Rather than being taken over by old fears and unmet needs, you learn to relate to them from a place of compassion and perspective.
The adult self grows stronger because it is no longer abandoning the child within.
It is learning to stay connected while also remaining separate, grounded, and present.
Not because the pain disappears.
But because the child is no longer alone—and you are able to feel more in your adult self.
You Are Learning Something You Were Never Taught
If reparenting feels difficult, it does not mean you are failing.

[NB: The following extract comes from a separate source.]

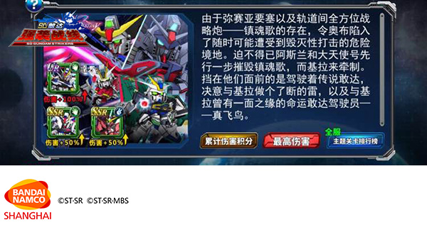 《SD敢达强袭战线》是以超人气动漫《机动战士敢达》为主题,万代南梦宫倾力打造的3D动作手游。在敢达系列作品中,SEED系列一直以来是最具有人气的作品之一,而作为在《机动战士敢达SEED DESTINY》中所登场的机体与角色,诸如强袭自由敢达、无限正义敢达以及它们的驾驶者基拉·大和及阿斯兰·萨拉等也都是颇具人气的机体和角色。在《SD敢达强袭战线》之前的版本中,还曾经推出过名为“镇魂歌”主题副本,作为SEED的主题副本,“镇魂歌”深受玩家们所喜欢,而如今,它将重新归来,在更新后,这一热门主题副本将重新上线!由于弥赛亚要塞以及轨道间全方位战略炮——镇魂歌的存在,令奥布陷入了随时可能遭受到毁灭性打击的危险境地。迫不得已阿斯兰和大天使号先行一步摧毁镇魂歌,而基拉来牵制。挡在他们面前的是驾驶着传说敢达,决意与基拉做个了断的雷,以及与基拉曾有一面之缘的命运敢达驾驶员——真飞鸟。快来游戏中亲自体验一下这惊心动魄的精彩剧本吧!《SD敢达强袭战线》是以超人气动漫《机动战士敢达》为主题,万代南梦宫倾力打造的3D动作手游,传承自主机游戏的质感和操作体验。携全系列人气机体、美女机师疾驰而来!游戏好玩易上手,融入了战队养成、羁绊搭配、远征模式、编年史副本、大规模ACE战等丰富玩法,让你快速融入敢达世界享受战斗的快感!

It means you are learning emotional skills that may never have been modeled for you.
Children learn emotional regulation through relationships.
They learn self-worth through how they are treated.
They learn safety through connection.
If those experiences were missing, healing often requires building them later in life — slowly, intentionally, and compassionately.
You are not expected to instinctively know how to nurture yourself when you may never have been nurtured.
This is learned.
And learning is possible.
Reflective Journal Prompts

When do I most notice my inner child becoming activated?
What situations tend to make me feel small, rejected, ashamed, abandoned, or emotionally overwhelmed?
What emotions was I not allowed to express growing up?
What happened when I cried, became angry, needed comfort, or asked for help as a child?
How do I typically speak to myself when I am struggling?
Whose voice does my inner critic sound like?
What do I tend to believe about myself when I make mistakes?
What coping strategies helped me survive emotionally as a child?
Which of those strategies still serve me, and which now create disconnection?
When do I abandon myself emotionally?
What does emotional safety feel like in my body?
Which people or environments help me feel more grounded, accepted, and emotionally regulated?
What would a safe, emotionally attuned caregiver have said to me during difficult moments in childhood?
What does my inner child most need to hear right now?
What would it look like to respond to myself with curiosity instead of shame?
What boundaries might help me feel more emotionally safe?
In what ways am I already beginning to care for myself differently?
What small act of reparenting can I practice this week?
One of the deepest truths in attachment healing is this:
We become capable of offering ourselves what we repeatedly experience in safe, attuned relationships.
Therapy, emotionally healthy relationships, supportive communities, and compassionate self-awareness can all help create new internal experiences.
You do not have to become a perfect parent to your inner child.
You only need to begin responding differently than the voices that once taught you that your feelings, needs, or pain were too much.
Healing begins the moment you stop abandoning yourself emotionally.
And start becoming someone your inner child can slowly learn to trust.